# Recovering the Modulus

When you want to recover N given some (plaintext, ciphertext) pairings

# Scenario

Consider the case that that you know a set of (plaintext, ciphertext) pairings - this may be that you are provided them, or that you have access to some functionality that returns ciphertexts for provided plaintexts. If you do not know the modulus, but know the exponent used (note: this may be prone to a brute-force regardless), then given these pairings you can recover the modulus used.

# What we know

Let the following be known:

• plaintext && ciphertext pairings:

$(M_i,C_i) \text{ for } i \in [1,\infty]$
• public exponent e (e.g. e = 65537 = 0x10001)

# Process

The idea behind this attack is effectively finding common factors between pairings. Recall that, under general RSA encryption, we have:

$C = M^{e} \text{ } (mod\text{ }N)$

and recall what modular arithmetic tells us about the relation between these terms, namely that:

$a \equiv b\text{ }(mod\text{ } N)\\ a = b + kN \text{ for some } k \in \mathbb{Z}$

This, rearranged, tells us that

$a - b \equiv 0\text{ } (mod \text{ } N)\\ a - b = kN$

What this means for our known pairings is that, given we know $m, c$ and $e$, we can form the relationship:

$C_i - M_i^e \equiv 0\text{ } (mod \text{ } N)\\ C_i - M_i^e = k_iN$

Thus we can calculate for the value $kN$, though don't know either value individually - we want to somehow derive $N$.

Observe that any two pairings will equate to such a value, both with $N$ as a factor. We can take the gcd of these two values, and it is probable that the resulting value will be our $N$ value, such that:

$N = gcd(C_1 - M_1^e, C_2 - M_2^e)$

However, this is only true for the case that

$gcd(k_1, k_2) = 1$

i.e., both $k_1$and $k_2$are coprime.

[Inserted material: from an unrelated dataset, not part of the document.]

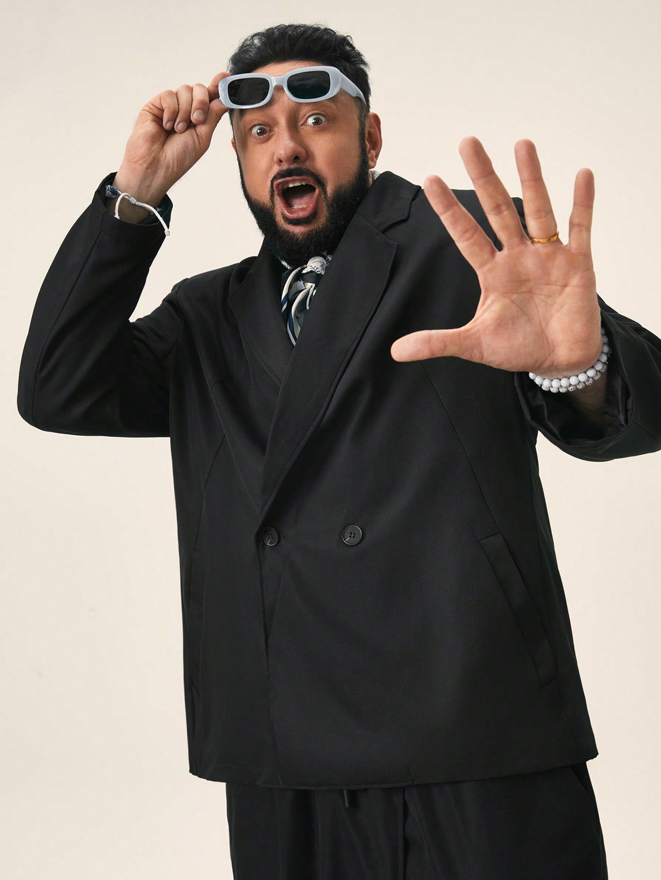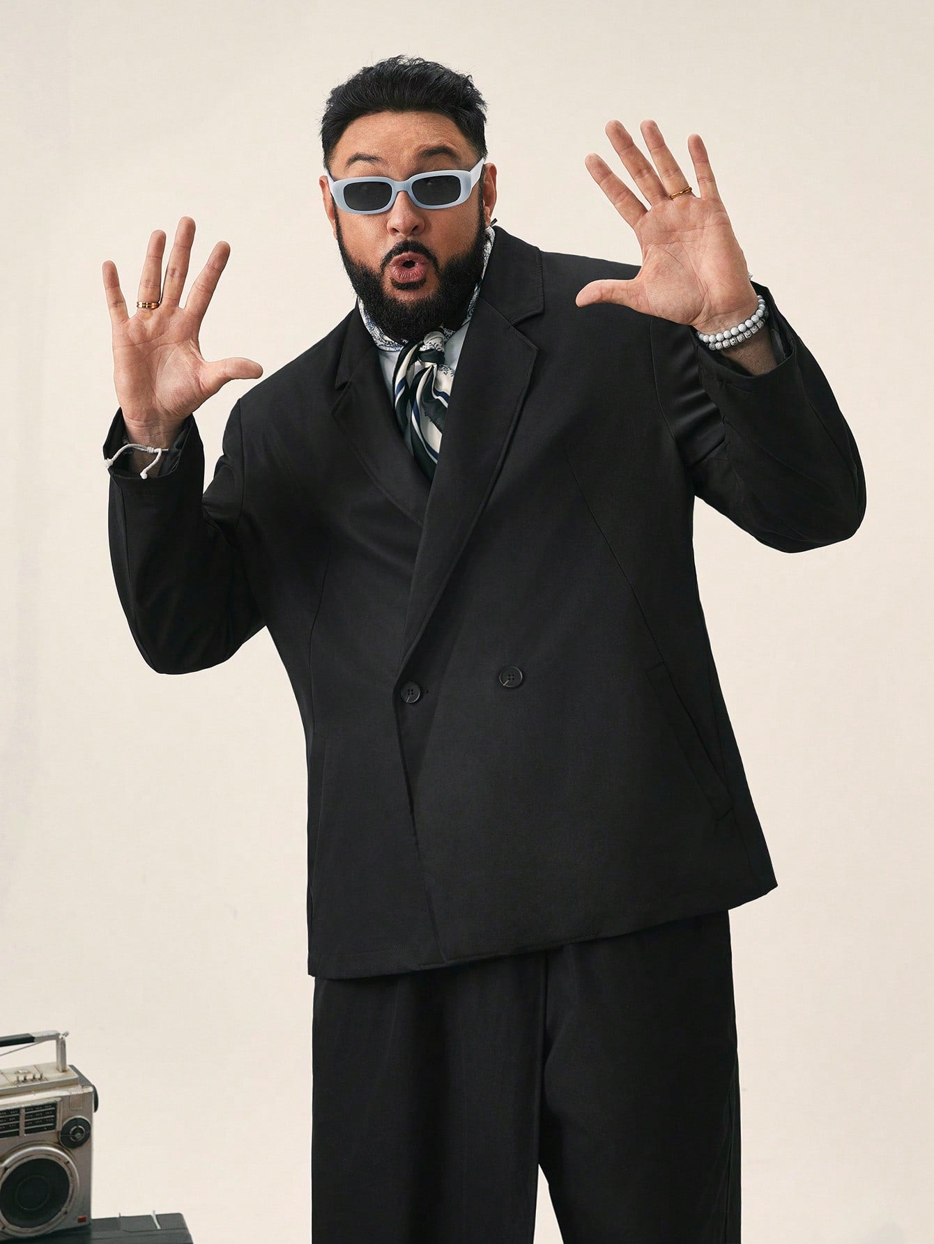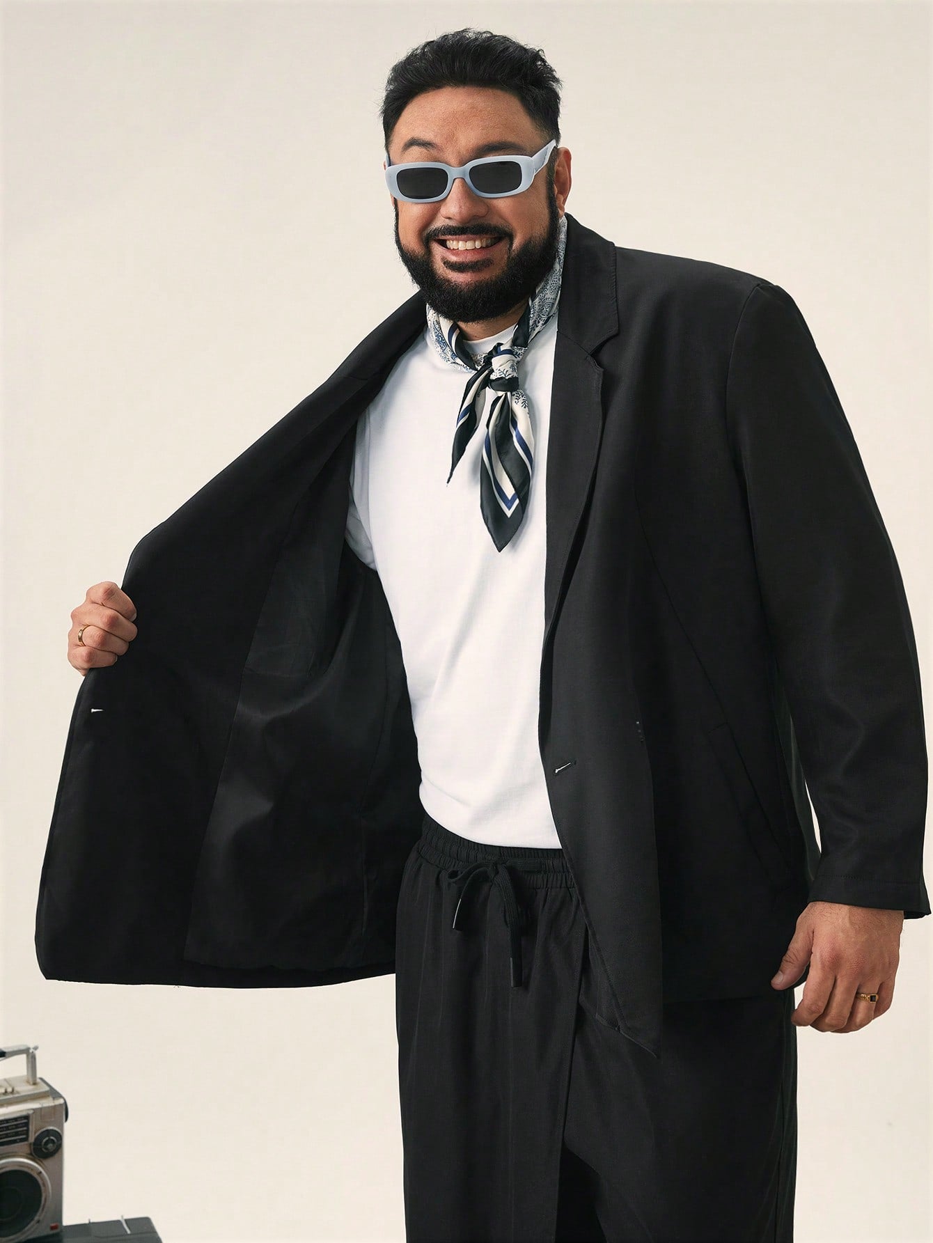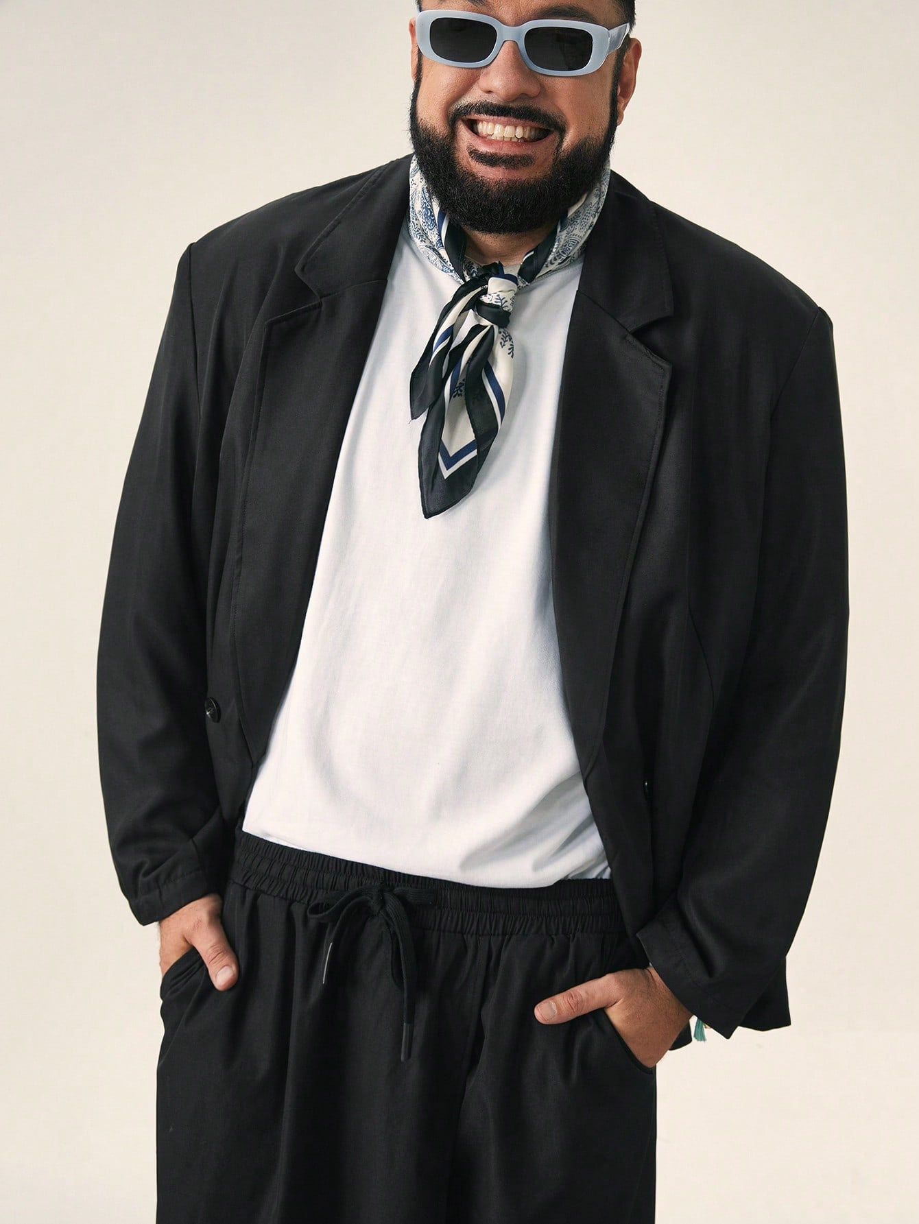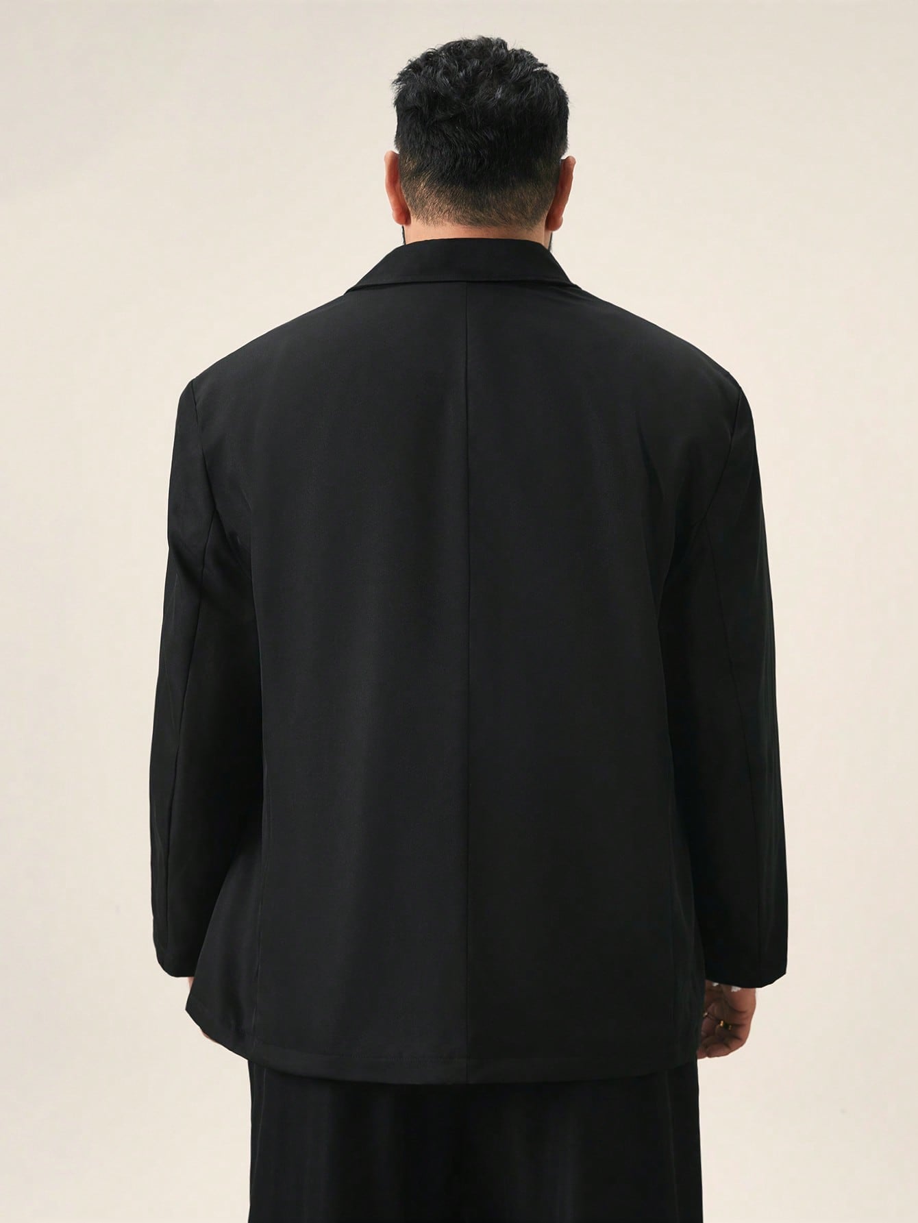 EASEVO Plus Size Men's Loose Fit Black Woven Long Sleeve Blazer Jacket

In the case that they are not, i.e. $gcd(k_1, k_2) \ne 1$, we have that

$aN = gcd(C_1 - M_1^e, C_2 - M_2^e) \text{ s.t. } 1 \ne a \in \mathbb{Z}$

In such a case, we don't have sufficient information to completely recover the modulus, and require more plaintext-ciphertext pairs to be successful. In general, the more pairings you have, the more confident you can be the value you calculate is $N$. More specifically:

$Pr(a \ne1) \rightarrow 0 \text{ as } k\rightarrow \infty$

Thus:

$N = \lim_{k \rightarrow \infty} gcd(C_1 - M_1^e, C_2 - M_2^e, ..., C_k - M_k^e)$

# Practical Notes

• In reality, you're likely to only need two or three (plaintext, ciphertext) pairings (in the context of ctf challenges and exercises), and as such computations can be manual if needed, but shouldn't be too complex

• As it's likely you'll be dealing with large numbers, overflows and precision errors may arise in code - using libraries like gmpy provide support for integers of (theoretically) infinite size, and some nice accompanying features too (like in-built gcd and efficient modular exponentiation)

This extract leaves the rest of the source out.